Online structural dynamic analysis of turbomachinery blades is conventionally done using contact techniques such as strain gauges for the collection of data. To transfer the captured data from the sensor to the data logging system, installation of telemetry systems is required. This is usually complicated, time consuming and may introduce electrical noise into the data. In addition, contact techniques are intrusive by definition and can introduce significant local mass loading. This affects the integrity of the captured measurements.
Advances in technology now allow for the use of optical non-contact methods to analyse the dynamics of rotating structures. These include photogrammetry and tracking laser Doppler vibrometry (TLDV). Various investigations to establish the integrity of photogrammetry measurements for rotating structures involved a comparison to data captured using accelerometers. Discrepancies that were noticed were attributed to the intrusive nature of the contact measurement technique. As an extended investigation, the presented work focuses on the validation of photogrammetry applied to online turbomachinery blade measurements, using TLDV measurements.

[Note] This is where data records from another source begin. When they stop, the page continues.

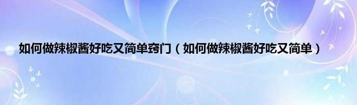 以上就是【如何做辣椒酱好吃又简单窍门,如何做辣椒酱好吃又简单】相关内容。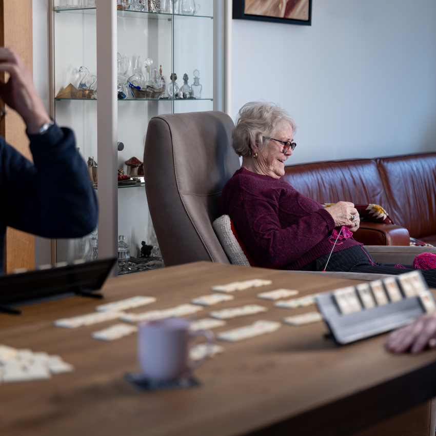Zo ontstaat er ruimte. Voor spelletjes, fietsen, eigen tijd en voor breien. Want Gettie is niet alleen mantelzorger. Ze is ook gewoon zichzelf.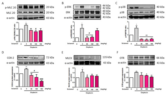 Effect of sclareol on uterine contraction-related protein expression in oxytocin-induced writhing test model. The (A) p-MLC20/MLC20, (B) p-ERK/ERK, (C) p-p38/p38, (D) COX-2, (E) MLCK, and (F) oxytocin receptor (OTR) levels were detected by Western blot. C, Control; 0, model control group; 50, sclareol 50 mg/kg; 100, sclareol 100 mg/kg; 150, sclareol 150 mg/kg; n = 4–6; * p < 0.05, ** p < 0.01 compared to C; # p < 0.05, ## p < 0.01, ### p < 0.001 compared to the sclareol 0 mg/kg group. Each column represents the mean ± SEM; n = 3–5.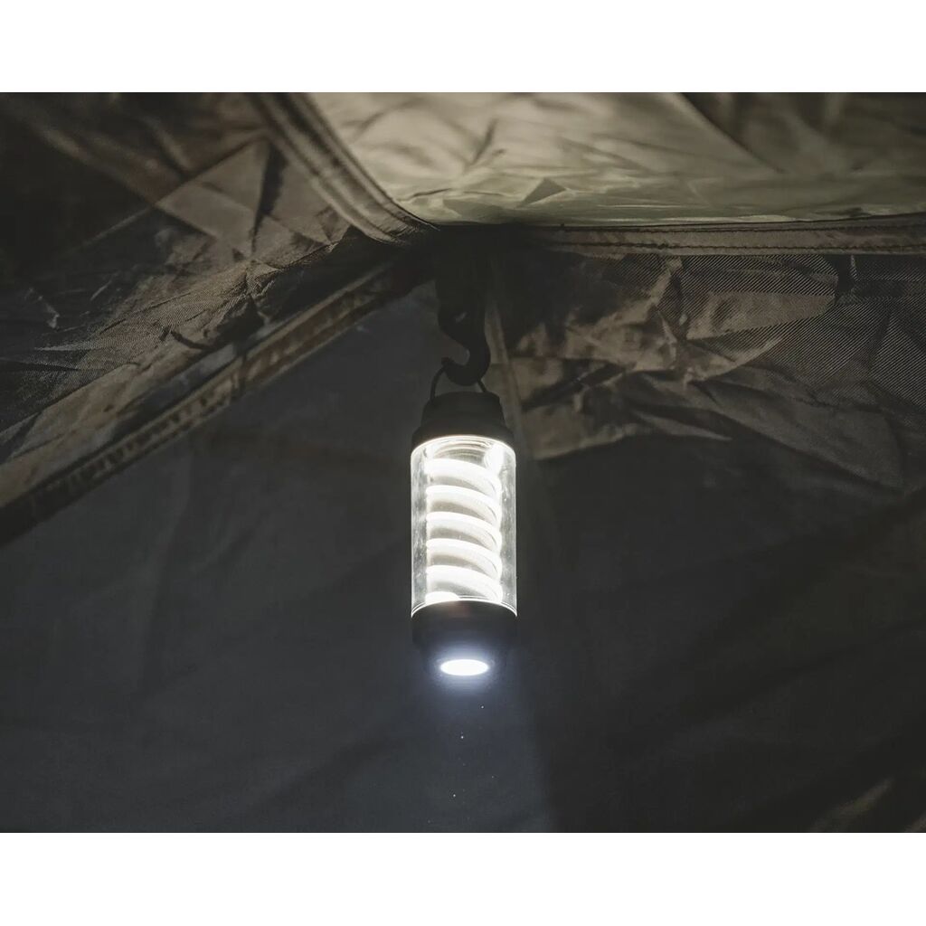 The Wintergreen Compact lantern is ultra-light and can be used either as a flashlight or as a lantern. The lantern comes with a tripod and hook and can be used standing or hanging. It features seven different light modes and is charged via USB-C.

Through a frequency based characterization approach of the dynamics of the two scanning mirrors inside the scanning head of a scanning laser Doppler vibrometer (SLDV), TLDV is employed in developing a system that can be used to achieve a perfect circular scan with a Polytec SLDV, (PSV 300). Photogrammetry out-of-plane displacements of a laser dot focused on a specific point on a rotating blade are compared to displacements captured by the laser scanning system. It is shown that there is good correlation between the two measurement techniques when applied to rotating structures, both in the time and frequency domains. The presence of slight discrepancies between the two techniques after elimination of accelerometer based errors illustrated that the optical system noise floor of photogrammetry does contribute to inconsistences between photogrammetry and other measurement techniques.